Copy codeThe Code is as follows: public String reverse (char [] value ){
For (int I = (value. length-1)> 1; I> = 0; I --){
Char temp = value [I];
Value [I] = value [value. length-1-I];
Value [value. length-1-I] = temp;
}
Return new String (value );
}
Such code has no problems with algorithms. However, when viewing the StringBuffer source code today, we found that the source code of the reverse method is very subtle. The source code is as follows:
Copy codeThe Code is as follows: public AbstractStringBuilder reverse (){
Boolean hasSurrogate = false;
Int n = count-1;
For (int j = (n-1)> 1; j> = 0; -- j ){
Char temp = value [j];
Char temp2 = value [n-j];
If (! HasSurrogate ){
HasSurrogate = (temp> = Character. MIN_SURROGATE & temp <= Character. MAX_SURROGATE)
| (Temp2> = Character. MIN_SURROGATE & temp2 <= Character. MAX_SURROGATE );
}
Value [j] = temp2;
Value [n-j] = temp;
}
If (hasSurrogate ){
// Reverse back all valid surrogate pairs
For (int I = 0; I <count-1; I ++ ){
Char c2 = value [I];
If (Character. isLowSurrogate (c2 )){
Char c1 = value [I + 1];
If (Character. isHighSurrogate (c1 )){
Value [I ++] = c1;
Value [I] = c2;
}
}
}
}
Return this;
}
This method is defined in the parent class AbstractStringBuilder of StringBuffer, so the return value of this method is AbstractStringBuilder. The method called in the subclass is as follows:Copy codeThe Code is as follows: public synchronized StringBuffer reverse (){
Super. reverse ();
Return this;
}
From the content of the method, the basic idea in the source code is the same. It also traverses half of the string and exchanges each character with its corresponding character. However, the difference is that you must determine whether each Character is between Character. MIN_SURROGATE (\ ud800) and Character. MAX_SURROGATE (\ udfff. If this is found in the entire string, traverse the string from the beginning to the end again and determine whether value [I] meets Character. isLowSurrogate (). If yes, continue to judge whether value [I + 1] meets Character. isHighSurrogate (). If this condition is also met, the characters between the I-bit and the I + 1-bit are exchanged. Some may wonder why it is necessary to do so, because the characters in Java already use Unicode code, and each character can be placed with a Chinese character. Why?

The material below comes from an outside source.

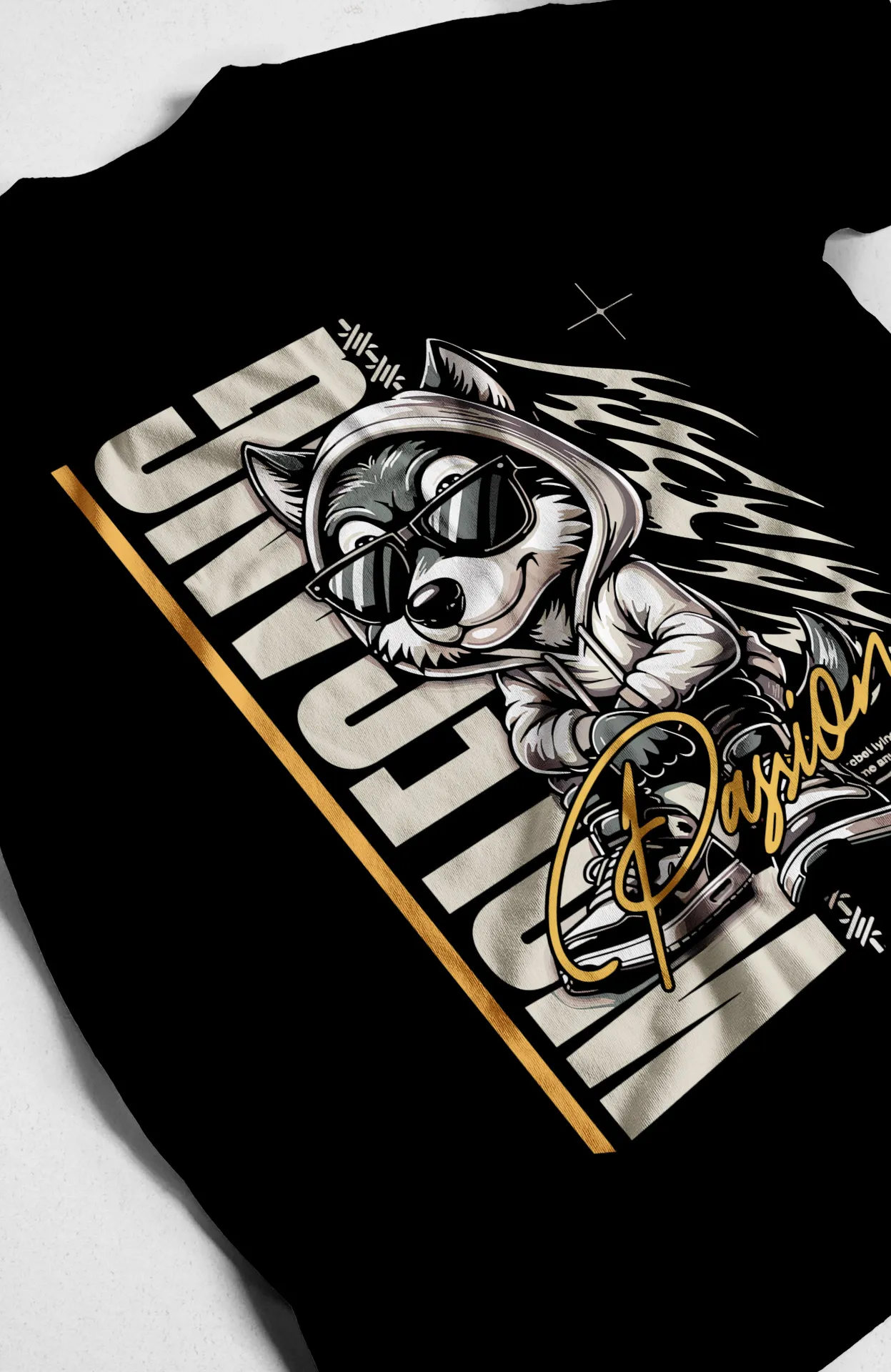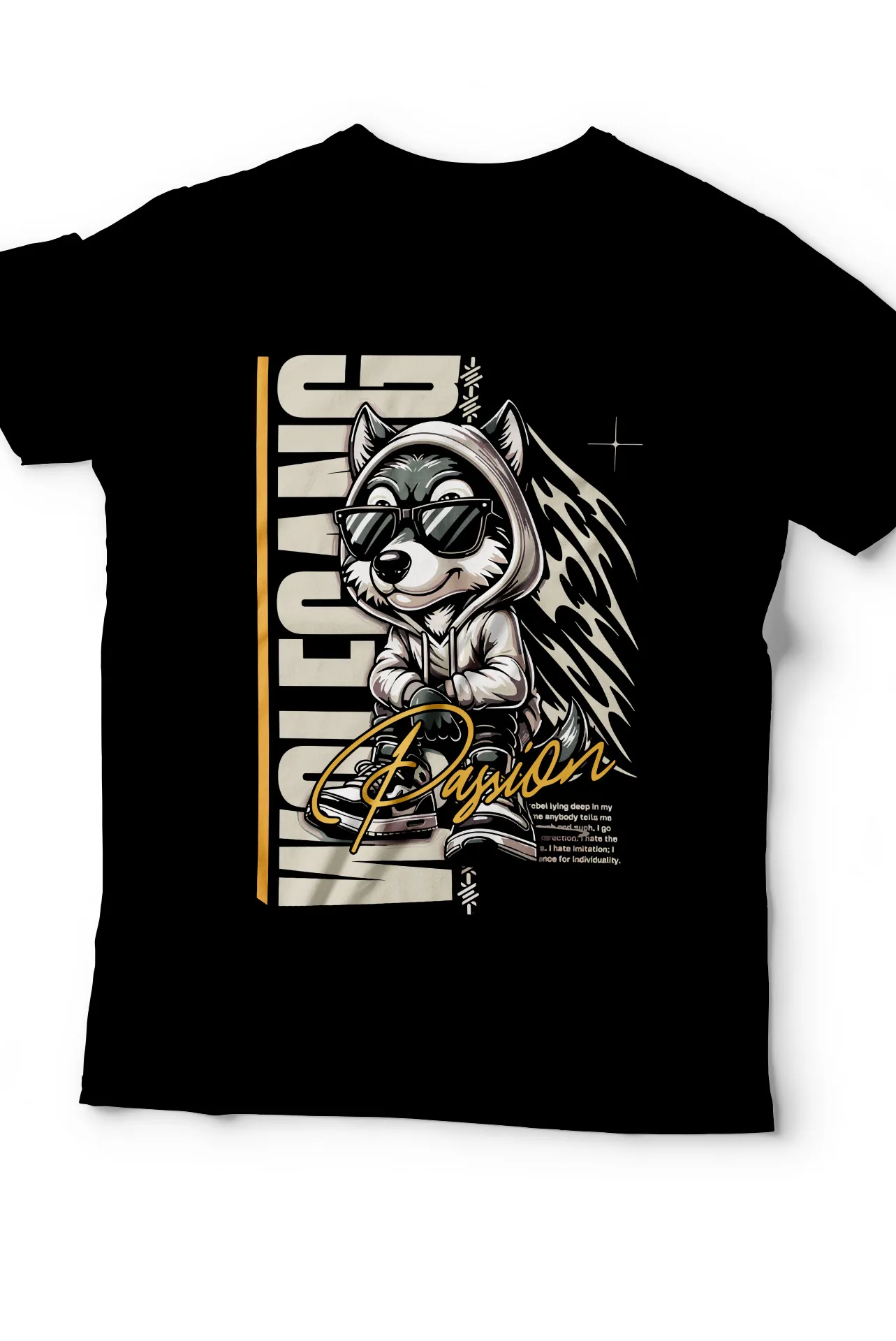 | Diseño | Gráfico de un lobo con gafas y ropa con texto "WOLF GANG" |

A complete Unicode character is called CodePoint, while a Java char is called code unit. The String object stores Unicode characters in a UTF-16 and NEEDS 2 characters to represent the Chinese character of an oversized character set. This representation is called Surrogate. The first character is Surrogate High, and the second is Surrogate Low. Note the following:
Determine whether a char is a Character in the Surrogate area. Use the Character's isHighSurrogate ()/isLowSurrogate () method to determine whether it is a Character in the Surrogate area. Returns a complete Unicode CodePoint from two Surrogate High/Low characters using the Character. toCodePoint ()/codePointAt () method.
A Code Point may require one or two char representation, so CharSequence cannot be used directly. the length () method returns the number of Chinese characters in a String. codePointCount ()/Character. codePointCount ().
To locate the nth Character in a String, N cannot be used as the offset directly. Instead, you must traverse the String header in sequence and use the String/Character. offsetByCodePoints () method.
Find the previous character from the current character of the String, and you cannot directly use offset -- to implement it. Instead, you must use String. codePointBefore ()/Character. codePointBefore (), or use String/Character. offsetByCodePoints ()
Find the next Character from the current Character, which cannot be directly implemented using offset ++. You need to determine the length of the current CodePoint before calculation, or use String/Character. offsetByCodePoints ().